Er selbst sah sich politisch als vielfarbig. "Ich bin in einigen Punkten erzkonservativ, in anderen tief grün, flächendeckend liberal und sozialpolitisch sehr links", so Schneyder über Schneyder. Mit dieser Grundhaltung fand er in der Multi-Krisen-Welt viel Stoff für Bücher und Bühnenauftritte. 2016 stand er wie andere Künstler im österreichischen Bundespräsidentenwahlkampf auf der Seite des Grünen-nahen Alexander Van der Bellen. Den rechtspopulistischen FPÖ-Kandidaten Norbert Hofer fand er schwer erträglich.
Keine Scheu vor dem "Playboy"
Dabei gehörte Schneyder zu den Intellektuellen mit starker Abneigung gegenüber dem Islam. "Der Islam gibt mir partout keine Auskunft darüber, was er von Selbstmordattentätern hält. Mir fehlt die Distanzierung islamischer Geistlicher zu den Motiven der Anschläge", sagte er der Deutschen Presse-Agentur. "De jure ist er eine Religion, die die Weltherrschaft anstrebt." Die oftmals aus politischer Korrektheit gepflegte Toleranz gegenüber dieser Religion hielt er für falsch.
Der am 25. Januar 1937 in Graz als Sohn eines Kaufmanns geborene Schneyder machte seinen Doktor in Publizistik und begann seine Karriere als freier Lokal- und Sportreporter, seine Leidenschaft war das Boxen.
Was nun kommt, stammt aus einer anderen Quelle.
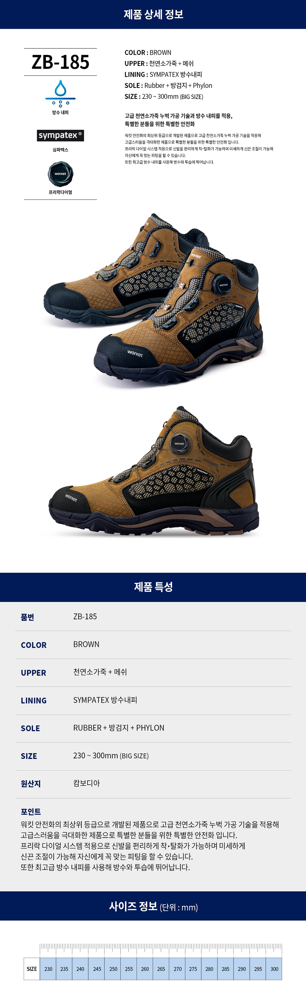 zb-185 (6인치 프리락 누벅 안전화, 방수 내피 작업화, 건설화)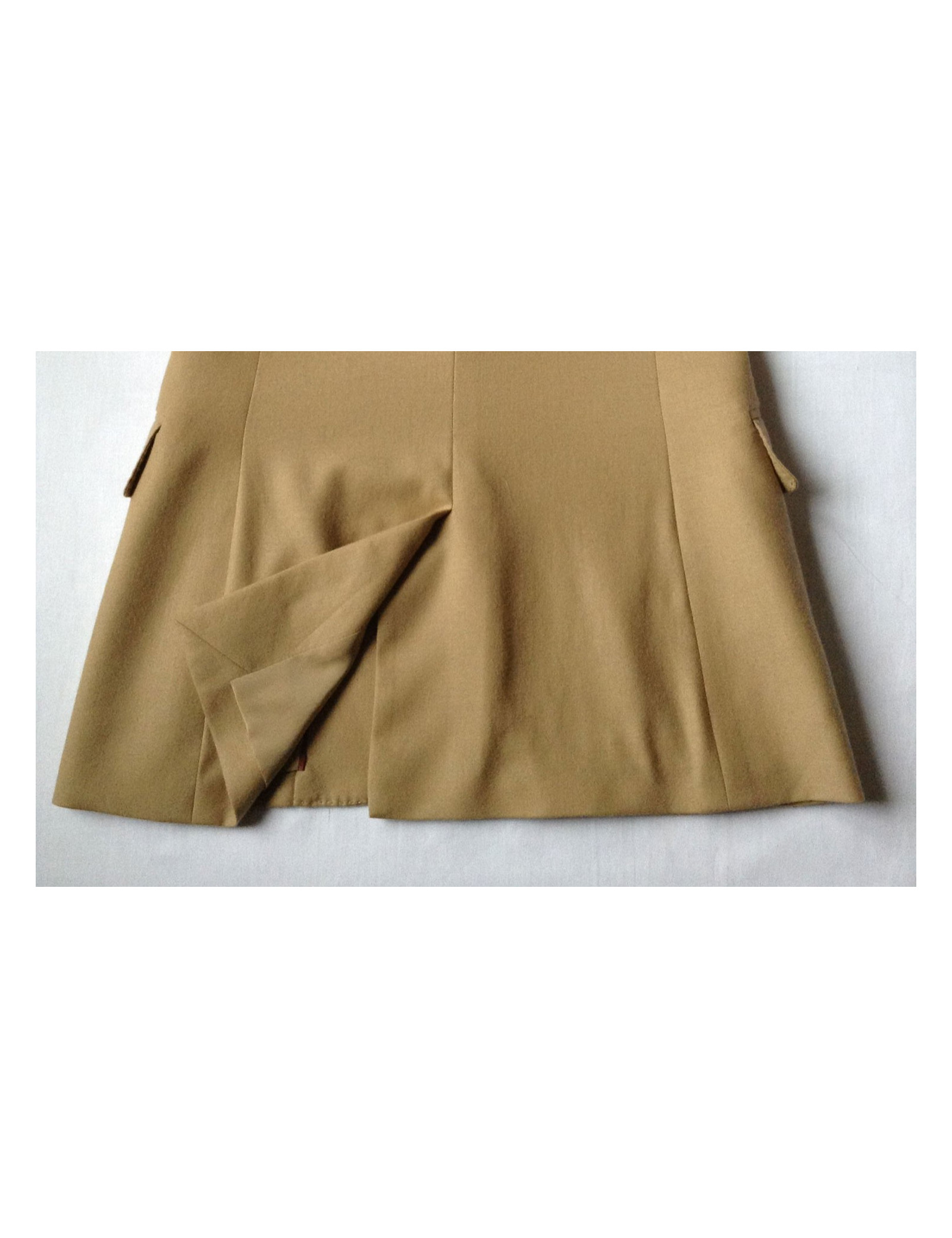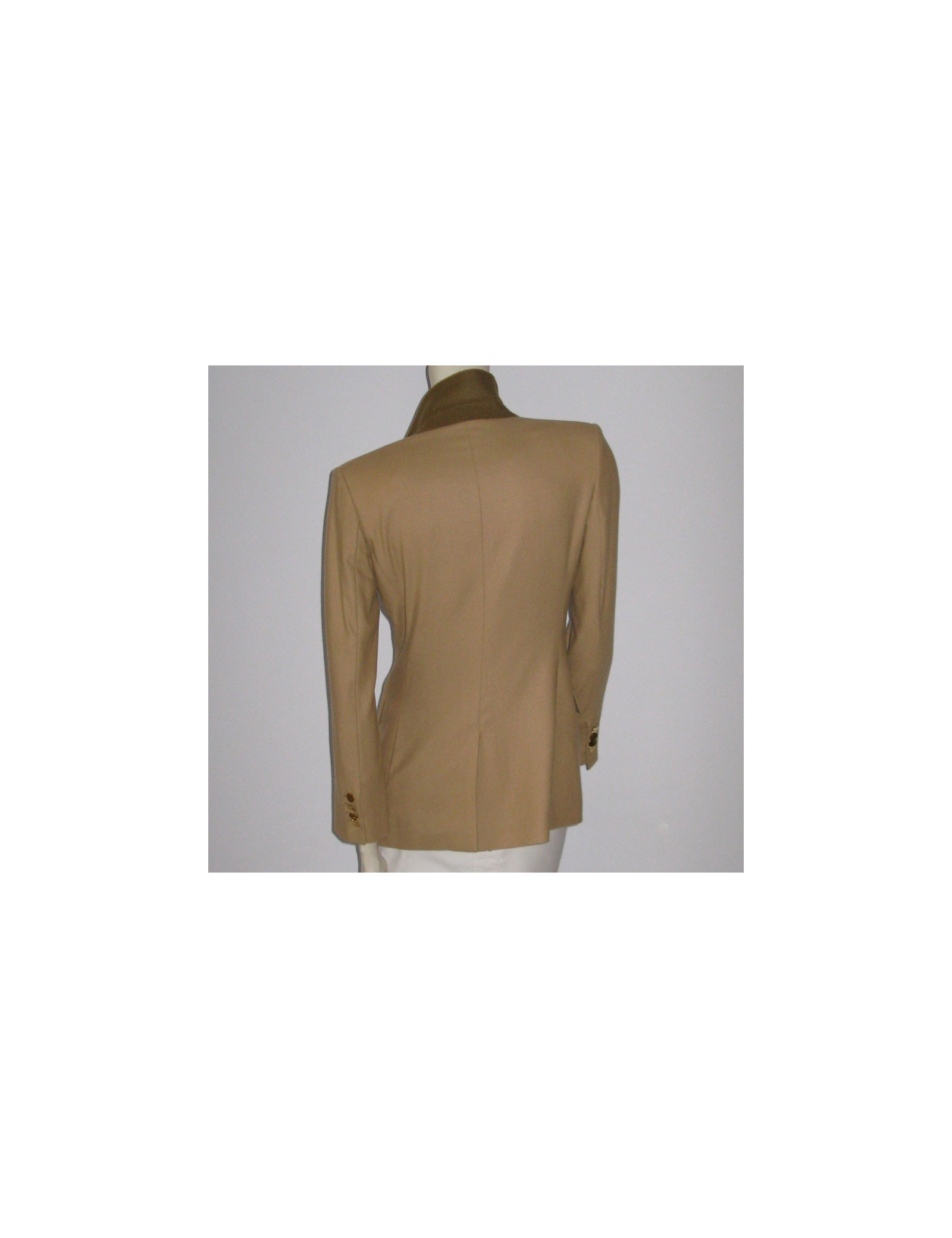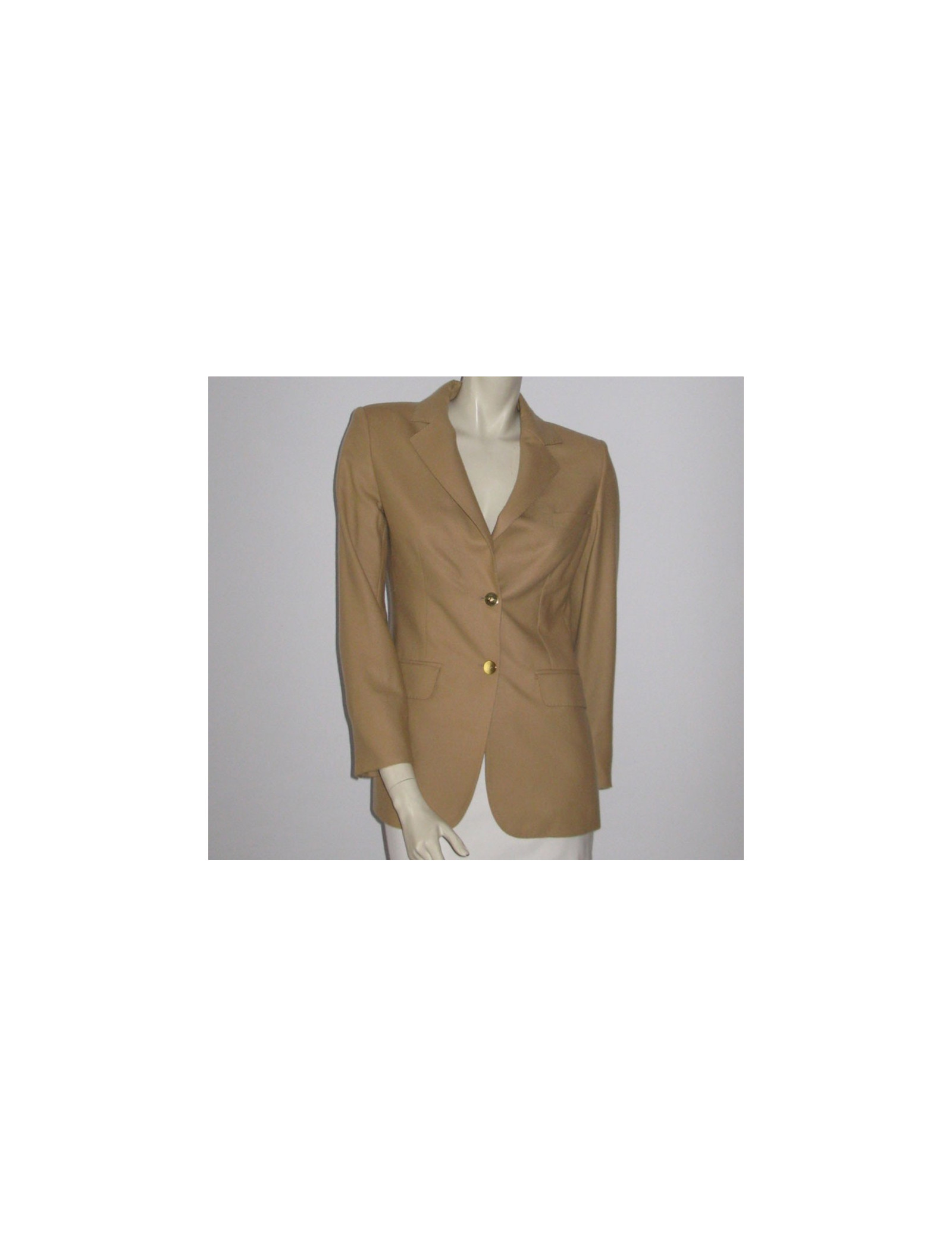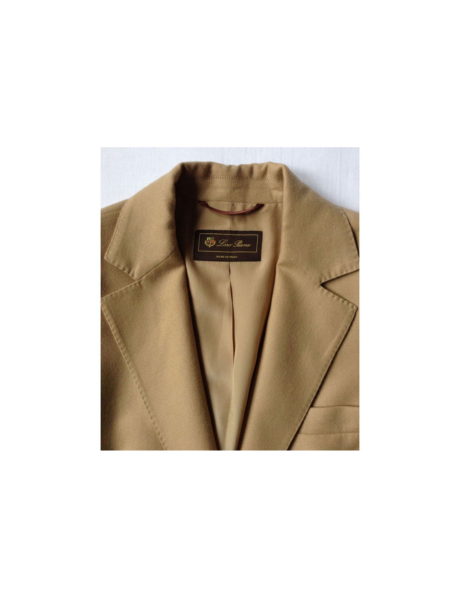 Superbe veste LORO PIANA T40It, en cachemire de couleur camel, col tailleur surpiqué, manches longues. Col contrasté de couleur noisette à l'intérieur du col supérieur. Pince de cintrage sur le devant et dans le dos. Fermeture centrale par deux très jolis boutons doré gravé "L/P". Poche appuyée poitrine, 2 poches plaquées surpiquées au niveau de la taille. Fente d'aisance au dos. 100% cachemire (qualité exceptionelle). Doublure 100% soie.

Wenig später arbeitete er in Salzburg als Theaterdramaturg und schrieb auch Theaterkritiken, bevor er wiederum die Seiten wechselte und selbst als Kabarettist auf der Bühne stand. Meist verfolgte er seine Interessen parallel, war gleichzeitig Autor und Kabarettist, Schauspieler und Aphoristiker oder Regisseur und Drehbuchautor. Zeitweise schrieb er Kolumnen im Männermagazin "Playboy". Rund 20 Bücher hat er verfasst.
Anklage gegen die ärztliche Kunst
Bekannt wurde Schneyder in Deutschland als kongenialer Partner von Kabarett-Legende Hildebrandt. Das erste gemeinsame Programm "Talk täglich" wurde 1974 in der Münchner "Lach- und Schießgesellschaft" ein Riesenerfolg. "Es war eine politische Seelenverwandtschaft", sagte Schneyder über die Jahre mit dem 2013 gestorbenen Künstler. "Mir sind die Erfolge passiert", meinte er einmal zu den Weichenstellungen in seinem Leben.
Erschütternd war für Schneyder der Krebstod seiner ersten Frau Ilse. Deren Leidensweg erzählte er 2008 im Buch "Krebs. Eine Nacherzählung" auf drastische Weise. Das Buch geriet zur Anklage gegen die ärztliche Kunst. Die könne auch als Folter begriffen werden, meinte Schneyder.
Österreichs Präsident Alexander Van der Bellen würdigte Schneyder als einen der "vielfältigsten und beliebtesten Künstler" seines Landes.